On March 28, 2023, the United States Court of Appeals for the Sixth Circuit issued its opinion in United States ex rel. Martin v. Hathaway, holding that plaintiffs in False Claims Act (FCA) cases alleging a violation of the Anti-Kickback Statute (AKS) must establish that the false claim would not have occurred "but for" the illegal kickbacks. Circuit decisions have been split regarding what kind of causal connection plaintiffs must establish between the kickbacks and claims submitted to the government. Some decisions side with plaintiffs and favor a more relaxed causation requirement, while others require but-for causation, which favors defendants. This latest Sixth Circuit opinion deepens the circuit split for healthcare defendants.

The FCA imposes civil liability for knowingly presenting, or causing to be presented, a false or fraudulent claim to the government for payment or approval. The AKS prohibits medical providers from making referrals for remuneration. Remuneration is not statutorily defined, but courts have generally found it can include cash in direct payments or excessive compensation for other services or anything else of value, such as free rent, expensive trips and meals and other gifts provided in exchange for patient referrals.

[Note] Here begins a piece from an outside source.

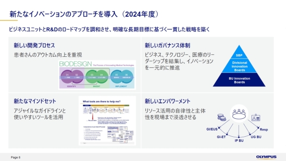 CTOビジョンにおいて重視されているのがイノベーションだ。オリンパスはビジネスユニットとR&Dのロードマップを調和させ、明確な長期目標に基づく一貫した戦略を築くことを目的に2024年度から新たなイノベーションのアプローチを導入している。ナヴィード氏は「これまでオリンパスのR&Dはハードウェア志向が強かったが、今後の差別化の大きな要因になっていくであろうソフトウェアを重視した変革を進める上でもイノベーションは重要な役割を果たす。また、イノベーションを長期にわたって創出するためには組織やカルチャーを変革していくことも必要だ」と強調する。

The Patient Protection and Affordable Care Act amended the AKS to state that a billing or claim "resulting from" a violation of the Statute constitutes a false or fraudulent claim under the FCA. However, this amendment did not clarify when a claim "resulted from" a violation of the AKS. In 2018, the Third Circuit held that while there must be "some connection" between a kickback and a subsequent reimbursement claim to prove a false claim resulted from a kickback, the government and whistleblowers did not need to establish direct causation. The basis for the decision was the legislative intent of the amendment, which sought to clarify or expand enforcement. The court warned that healthcare fraud is relatively difficult to prove and that a different conclusion would hamper FCA enforcement cases based on the AKS.

In 2022, the Eighth Circuit considered the issue in Cairns v. D.S. Medical and decided to instead look at the "plain language" of the AKS. The court held that the "resulting from" language unambiguously requires plaintiffs to establish "but for" causation. The Sixth Circuit’s opinion in Hathaway agreed with this reasoning. It upheld the dismissal of a whistleblower case for a failure to allege that defendants would not have made the same claim but for a plausible kickback scheme. The opinion stated that the problem for the whistleblowers was that "the alleged scheme did not change anything" —i.e., defendants would have made the same claims regardless of any alleged illegal kickbacks.

The Sixth Circuit also addressed remuneration and whether the AKS covered only payments and other transfers of value or any act that may be valuable to another. The whistleblowers, Dr. Shannon Martin, an ophthalmologist, and her husband, alleged the hospital refused to hire Dr. Martin because another local eye doctor, Dr. Hathaway, promised to send referrals to the hospital if they did not hire their ophthalmology physicians. Based on the historical definition and treatment of the word remuneration, the court found that the AKS only applied to payments and other transfers of value. Based on that determination, the court considered that the hospital’s decision not to hire someone did not constitute payment to Dr. Hathaway. The hospital offered nothing to him, so the complaint provided no cognizable theory of remuneration.

Overall, the court asserted that "reading causation too loosely or remuneration too broadly" could cause a significant portion of the day-to-day practice of medicine to fall under the AKS and that a faithful interpretation would still allow targeting genuine corruption.

Based on the Sixth Circuit’s opinion and the Circuit split, the whistleblowers, in this case, may seek to file a petition to the Supreme Court for review.